=== Section Start ===

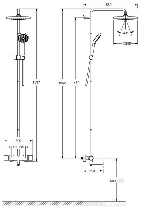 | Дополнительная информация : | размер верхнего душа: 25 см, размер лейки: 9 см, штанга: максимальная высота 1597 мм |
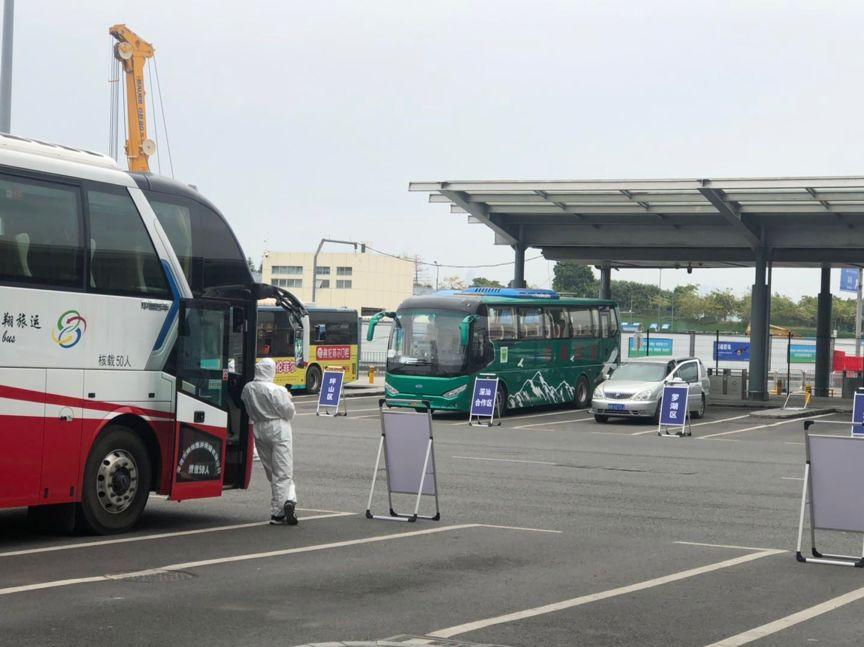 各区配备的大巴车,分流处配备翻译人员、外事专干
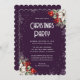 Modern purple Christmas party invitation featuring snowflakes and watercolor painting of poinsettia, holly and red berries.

=== Section End ===
=== Section Start ===

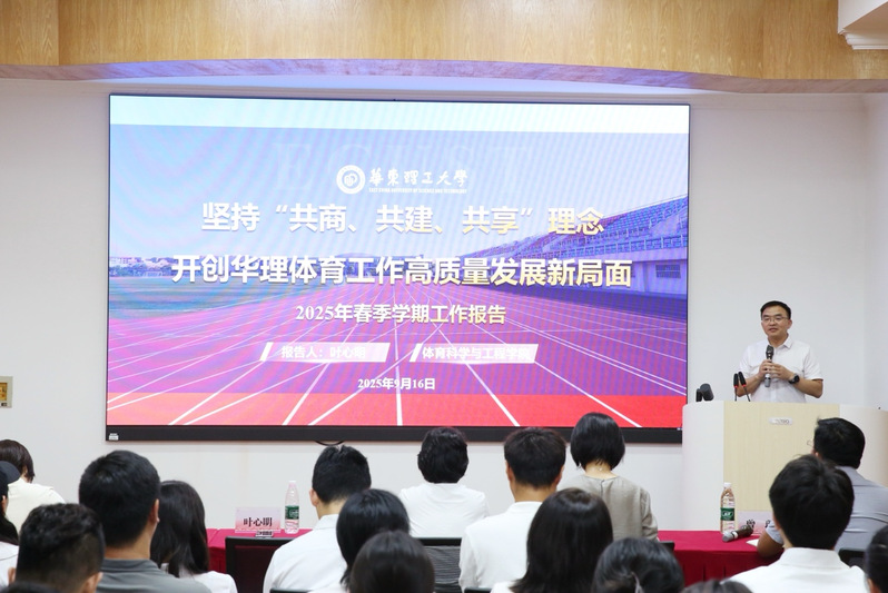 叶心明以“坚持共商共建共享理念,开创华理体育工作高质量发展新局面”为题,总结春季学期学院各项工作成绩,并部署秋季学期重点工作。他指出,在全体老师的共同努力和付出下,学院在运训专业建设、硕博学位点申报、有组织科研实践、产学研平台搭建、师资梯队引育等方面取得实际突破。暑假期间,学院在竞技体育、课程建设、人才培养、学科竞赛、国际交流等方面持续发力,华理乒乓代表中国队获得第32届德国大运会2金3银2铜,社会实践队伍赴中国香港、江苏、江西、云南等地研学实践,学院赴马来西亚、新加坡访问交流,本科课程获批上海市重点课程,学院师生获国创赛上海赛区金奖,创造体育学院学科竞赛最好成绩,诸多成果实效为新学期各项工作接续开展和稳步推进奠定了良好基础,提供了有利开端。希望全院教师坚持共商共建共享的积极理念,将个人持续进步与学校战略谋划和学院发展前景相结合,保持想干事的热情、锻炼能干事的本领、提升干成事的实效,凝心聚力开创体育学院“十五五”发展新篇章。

=== Section End ===

_WHAT YOU SHOULD DO_. Could you transcribe exactly the entries above, but only the lines from the one with "высота 1597 мм |" through the one with "Modern purple Christmas", and without pictures?

_COMPLETED EXERCISE_.
 | Дополнительная информация : | размер верхнего душа: 25 см, размер лейки: 9 см, штанга: максимальная высота 1597 мм |
 各区配备的大巴车,分流处配备翻译人员、外事专干
 Modern purple Christmas party invitation featuring snowflakes and watercolor painting of poinsettia, holly and red berries.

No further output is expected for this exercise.